▸ Problem: Return all of the data exactly, with nothing left out but the pictures.
··· Material provided
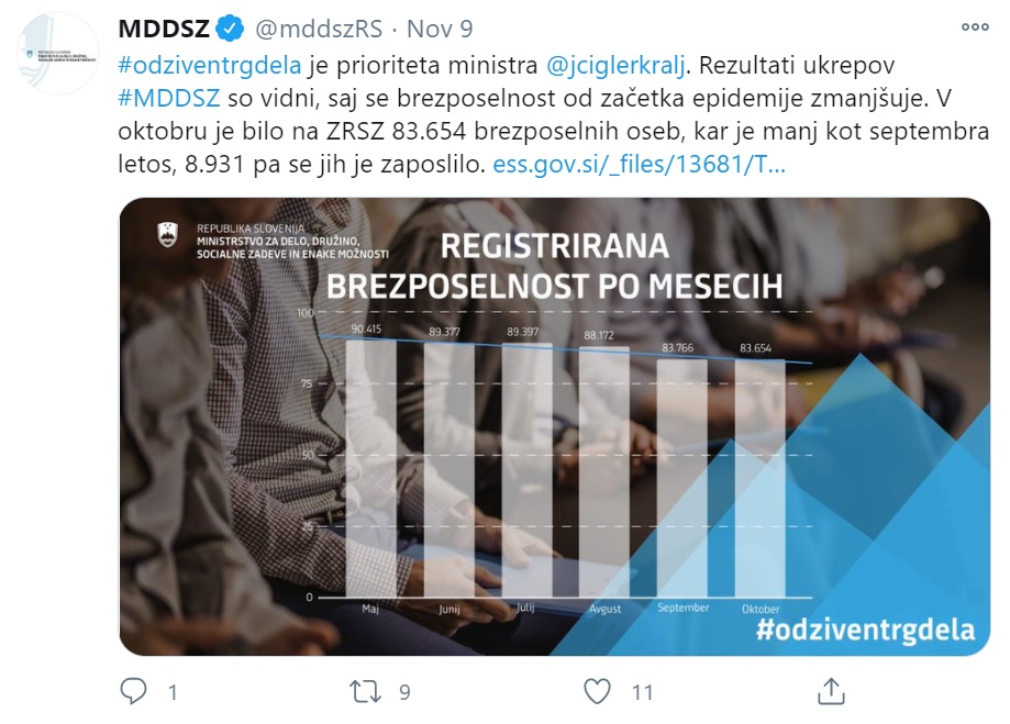 Na uradnem profilu ministrstva za delo, družino, socialne zadeve in enake možnosti so 9. novembra tvitnili, da so rezultati njihovih ukrepov vidni, saj se brezposelnost od začetka epidemije zmanjšuje.
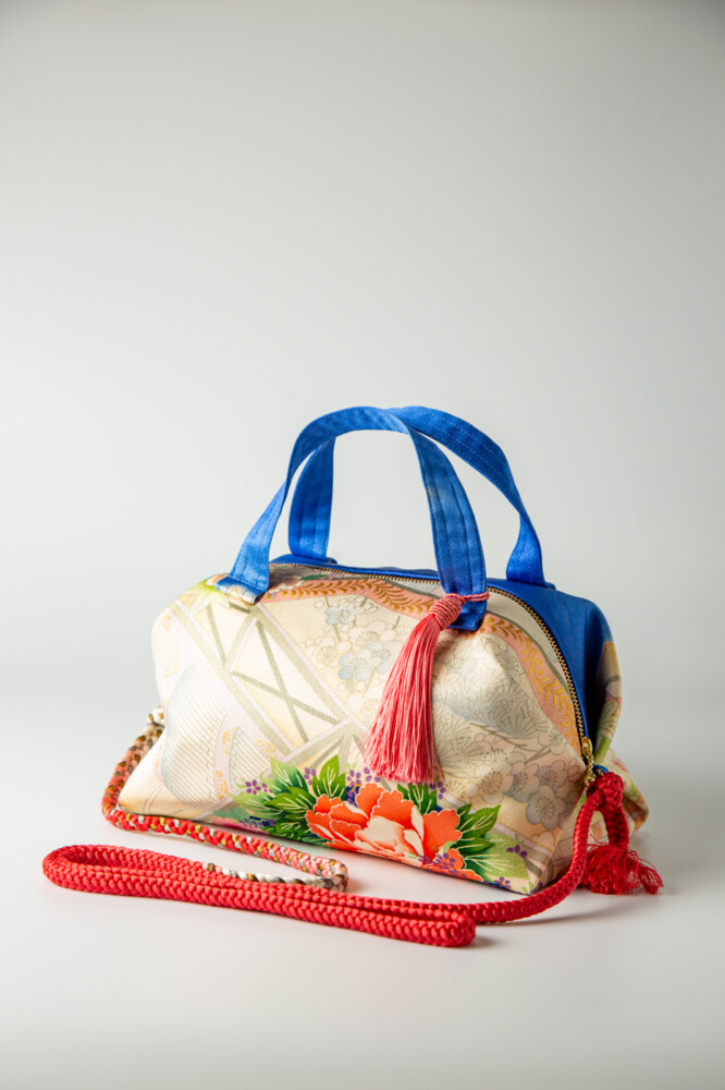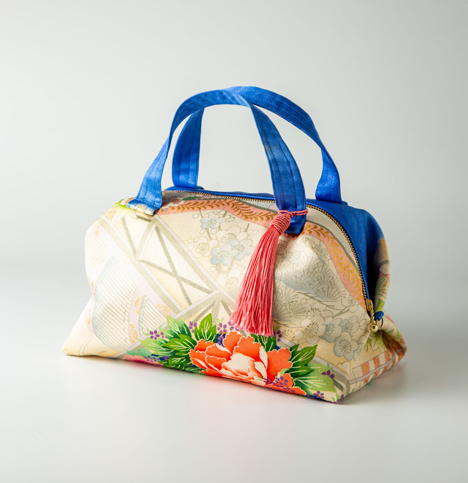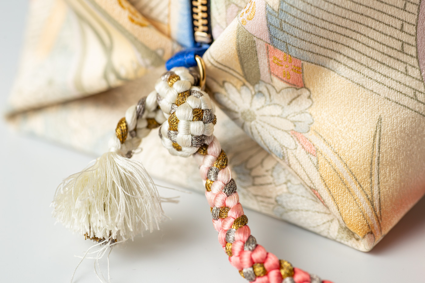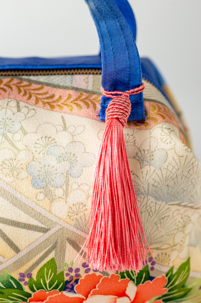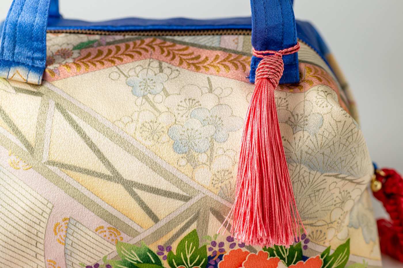 梅、菊、牡丹、紅葉などの四季草花文様で優しい色合い。
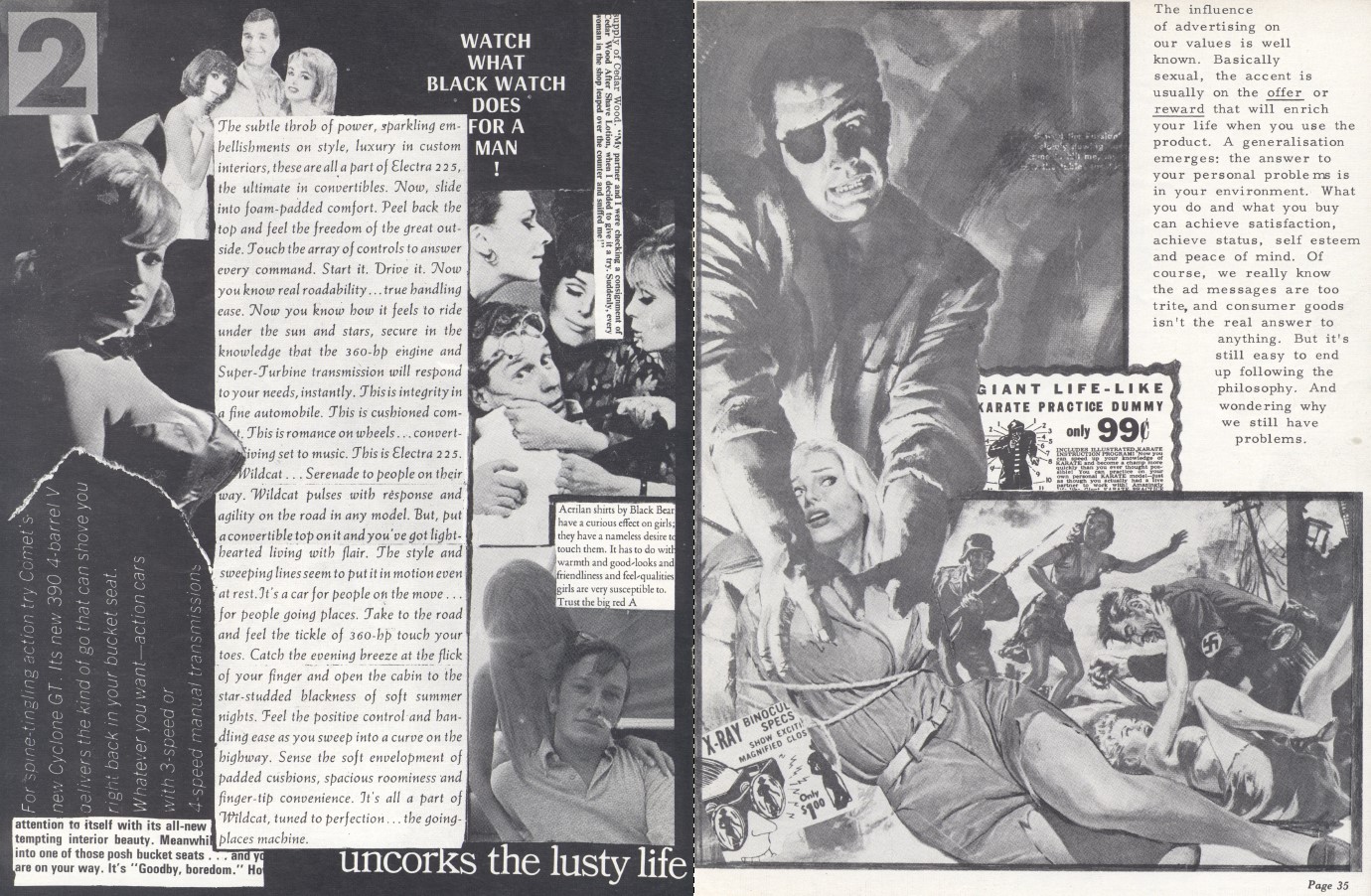 Разворот для Kazoo Джеймса Салиса (NW #174, август 1967, с коллажем Вивьен Янг)
······
▸ Response to this exercise:
 Na uradnem profilu ministrstva za delo, družino, socialne zadeve in enake možnosti so 9. novembra tvitnili, da so rezultati njihovih ukrepov vidni, saj se brezposelnost od začetka epidemije zmanjšuje.
 梅、菊、牡丹、紅葉などの四季草花文様で優しい色合い。
 Разворот для Kazoo Джеймса Салиса (NW #174, август 1967, с коллажем Вивьен Янг)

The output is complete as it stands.